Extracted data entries
------------------------------------------------------------

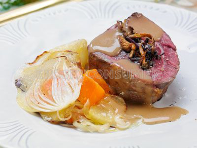 Por último, se asan unas patatas, zanahorias y cebolletas frescas en el horno, cortadas en finas tiras con ayuda de una mandolina y untadas de aceite del salteado y una pizca de sal. Se sirven los solomillos quitándoles la brida pero manteniendo la loncha de tocino o de bacón, se salseas con el desglase y se acompaña de las verduritas asadas.
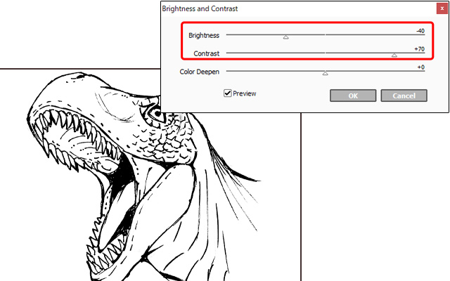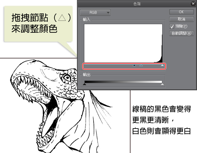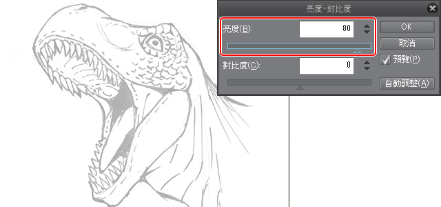 為了讓線條變濃,這次要調整[對比度]的滑桿,並調降[亮度]滑桿的數值,讓線不至於消失不見。
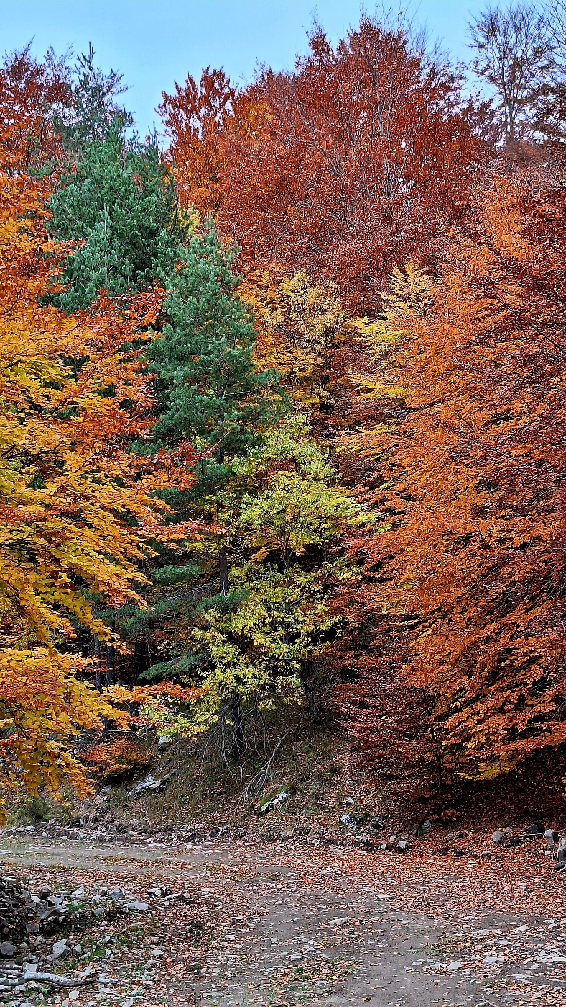 Σφένδαμοι, οξιές, ερυθρελάτη και μαυροπεύκη, όλα ανακατεμένα σε έναν καμβά από θερμά χρώματα
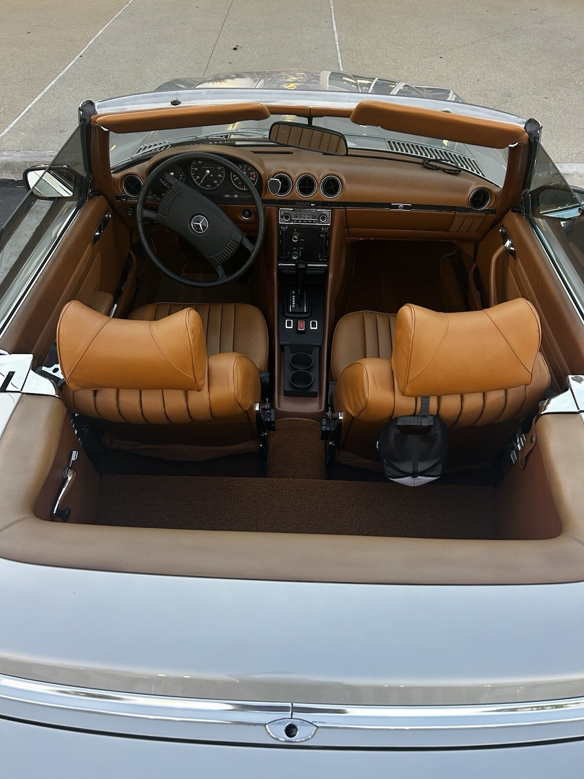 This 450SL comes with both thesoft-top and auxiliary hardtop. It also comes with the original books, tool kit, data sheet, manuals, and a wealth of original documentation that is pictured in this ad. This is an excellent opportunity to own a classic Mercedes that is ready to be used and enjoyed at an unbeatable value. Mercedes is finished in the absolutely beautiful and highly desirable color combination of Astal Silver Metallic (735) over Light Tan Leather (204) interior with a Black (740) soft-top. Please peruse all of the photos, and other information in this ad to get a true sense of clean and nice this 450SL really is.
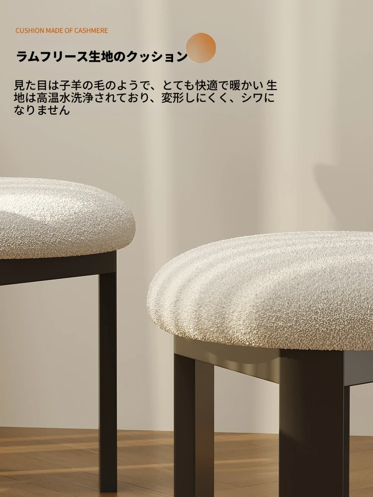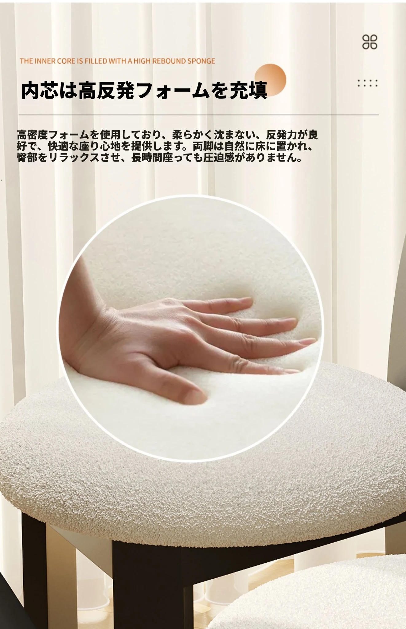 2024年新作!ふわふわ羊毛ファーの化粧台スツール。背もたれ付きで快適!おしゃれな実木製のデザインで、女性の寝室にぴったり。メイクアップタイムを特別なものにする、上質な化粧椅子です。

------------------------------------------------------------

What is expected
Up to and including the line with "Σφένδαμοι, οξιές, ερυθρελάτη", copy the data above from its first line. Skip pictures.

Solution for this exercise
 Por último, se asan unas patatas, zanahorias y cebolletas frescas en el horno, cortadas en finas tiras con ayuda de una mandolina y untadas de aceite del salteado y una pizca de sal. Se sirven los solomillos quitándoles la brida pero manteniendo la loncha de tocino o de bacón, se salseas con el desglase y se acompaña de las verduritas asadas.
 為了讓線條變濃,這次要調整[對比度]的滑桿,並調降[亮度]滑桿的數值,讓線不至於消失不見。
 Σφένδαμοι, οξιές, ερυθρελάτη και μαυροπεύκη, όλα ανακατεμένα σε έναν καμβά από θερμά χρώματα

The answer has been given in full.